■ **Supplied material**:
────────────────────

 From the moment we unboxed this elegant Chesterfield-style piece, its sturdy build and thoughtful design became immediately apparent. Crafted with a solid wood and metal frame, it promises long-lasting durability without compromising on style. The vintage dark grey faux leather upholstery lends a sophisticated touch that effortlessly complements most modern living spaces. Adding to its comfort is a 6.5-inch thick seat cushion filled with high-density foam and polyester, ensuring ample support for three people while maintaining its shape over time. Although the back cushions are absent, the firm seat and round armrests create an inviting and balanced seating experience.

────────────────────

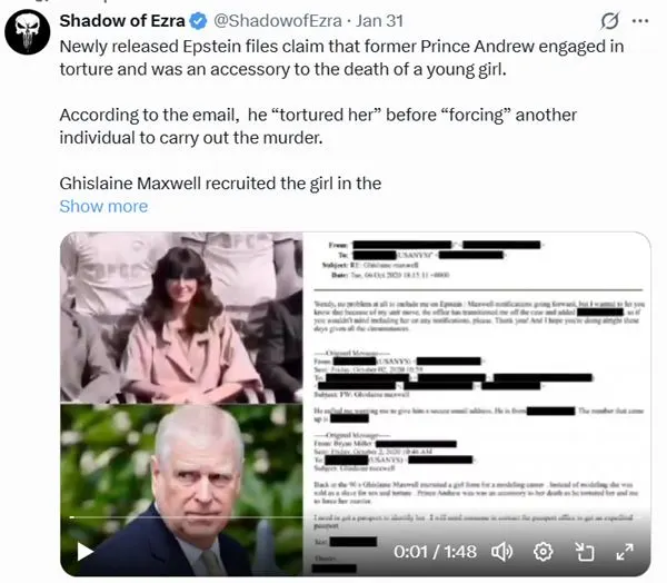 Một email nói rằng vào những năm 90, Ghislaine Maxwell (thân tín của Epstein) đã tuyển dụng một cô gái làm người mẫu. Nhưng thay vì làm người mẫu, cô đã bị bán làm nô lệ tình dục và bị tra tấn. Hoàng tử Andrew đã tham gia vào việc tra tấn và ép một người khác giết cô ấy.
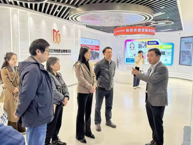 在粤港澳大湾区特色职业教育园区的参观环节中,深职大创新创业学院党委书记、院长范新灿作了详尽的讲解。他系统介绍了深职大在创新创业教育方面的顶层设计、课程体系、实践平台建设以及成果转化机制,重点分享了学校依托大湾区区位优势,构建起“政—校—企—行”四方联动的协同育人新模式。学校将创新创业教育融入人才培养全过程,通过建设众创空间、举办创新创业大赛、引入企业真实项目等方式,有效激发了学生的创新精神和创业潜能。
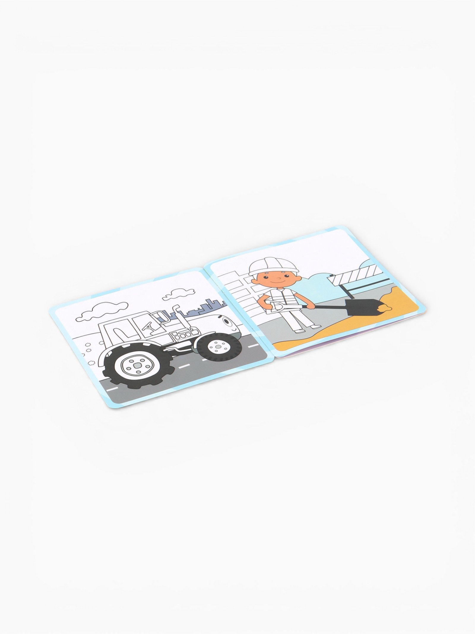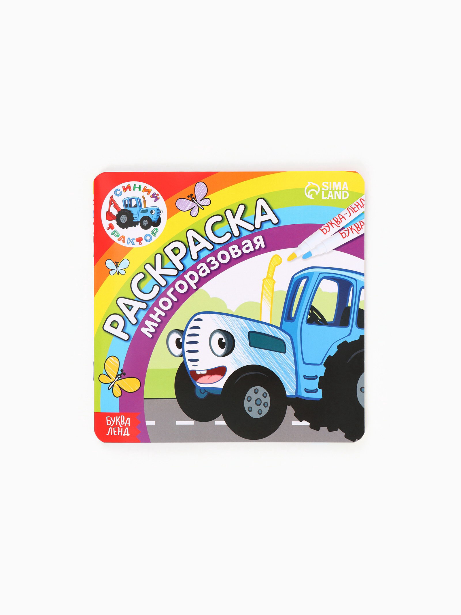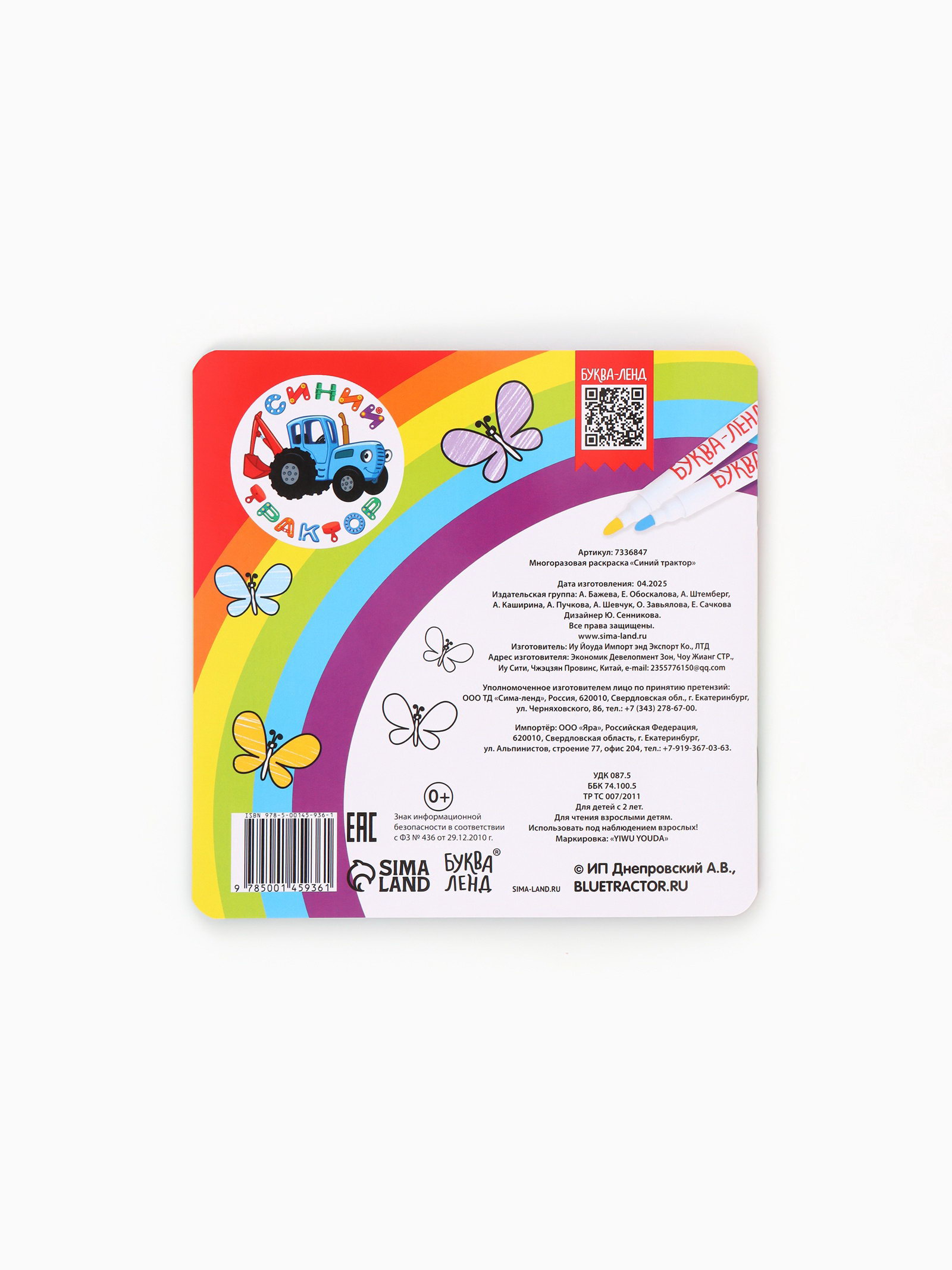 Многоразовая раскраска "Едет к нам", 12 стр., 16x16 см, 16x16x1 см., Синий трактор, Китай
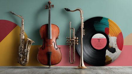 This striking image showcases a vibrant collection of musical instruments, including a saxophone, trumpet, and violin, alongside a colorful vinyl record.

────────────────────

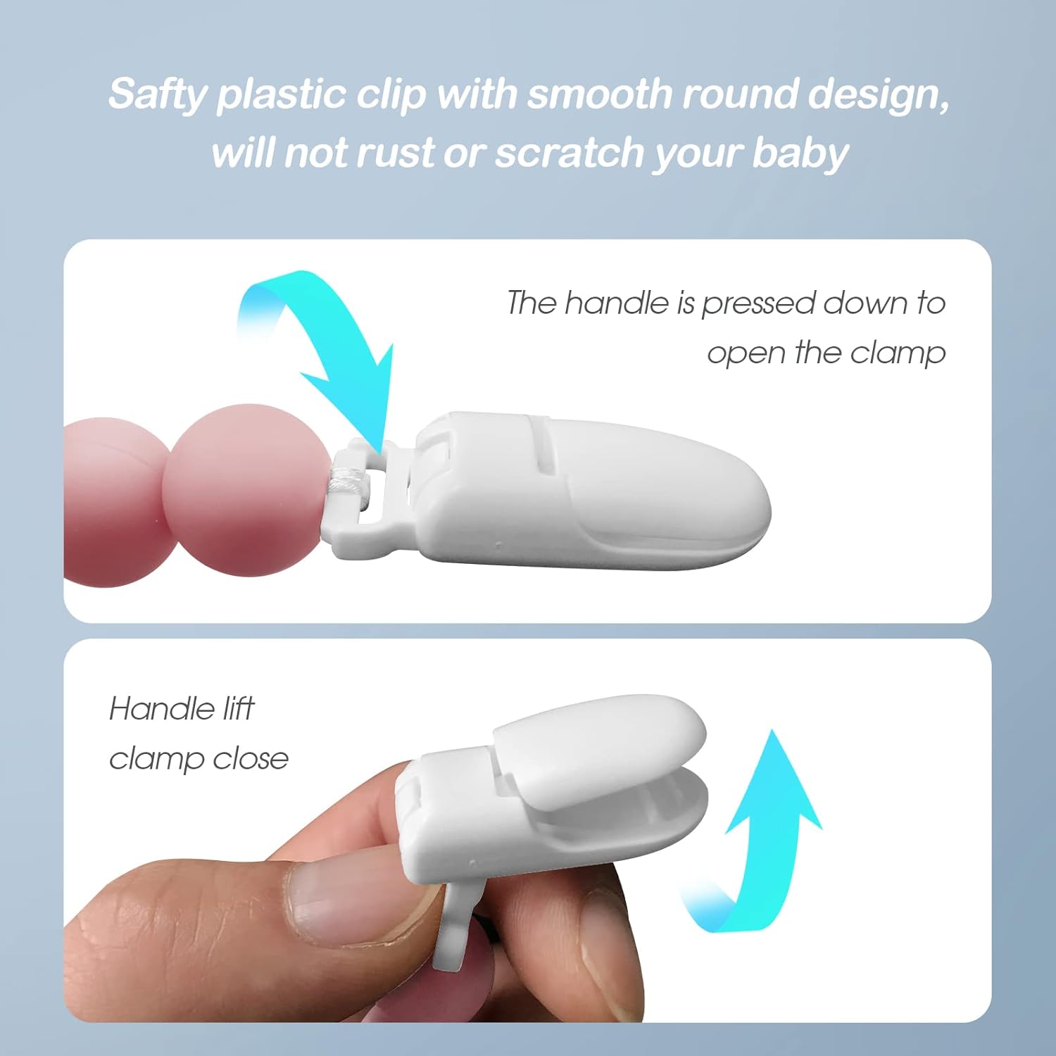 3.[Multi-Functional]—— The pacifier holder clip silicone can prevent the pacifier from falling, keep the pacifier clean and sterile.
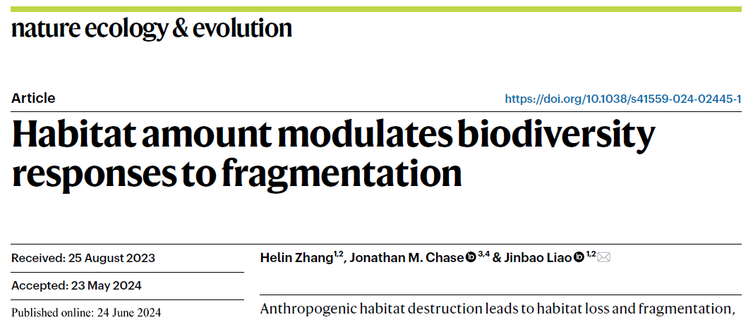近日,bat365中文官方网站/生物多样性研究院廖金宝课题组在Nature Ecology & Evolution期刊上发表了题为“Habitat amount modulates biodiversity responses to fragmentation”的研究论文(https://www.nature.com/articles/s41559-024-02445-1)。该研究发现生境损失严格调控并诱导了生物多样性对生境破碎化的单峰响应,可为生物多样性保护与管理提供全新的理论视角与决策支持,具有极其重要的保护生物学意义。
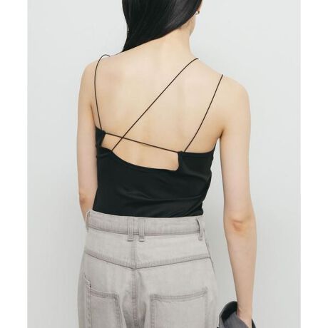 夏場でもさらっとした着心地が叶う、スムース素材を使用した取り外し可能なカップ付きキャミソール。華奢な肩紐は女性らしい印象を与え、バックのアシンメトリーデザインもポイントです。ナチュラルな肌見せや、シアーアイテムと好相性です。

────────────────────

■ **Brief**: Transcribe only the lines above that start at the line containing "Синий трактор, Китай" and end at the line containing "This striking image". Omit pictures.

■ **Expected answer**:
 Многоразовая раскраска "Едет к нам", 12 стр., 16x16 см, 16x16x1 см., Синий трактор, Китай
 This striking image showcases a vibrant collection of musical instruments, including a saxophone, trumpet, and violin, alongside a colorful vinyl record.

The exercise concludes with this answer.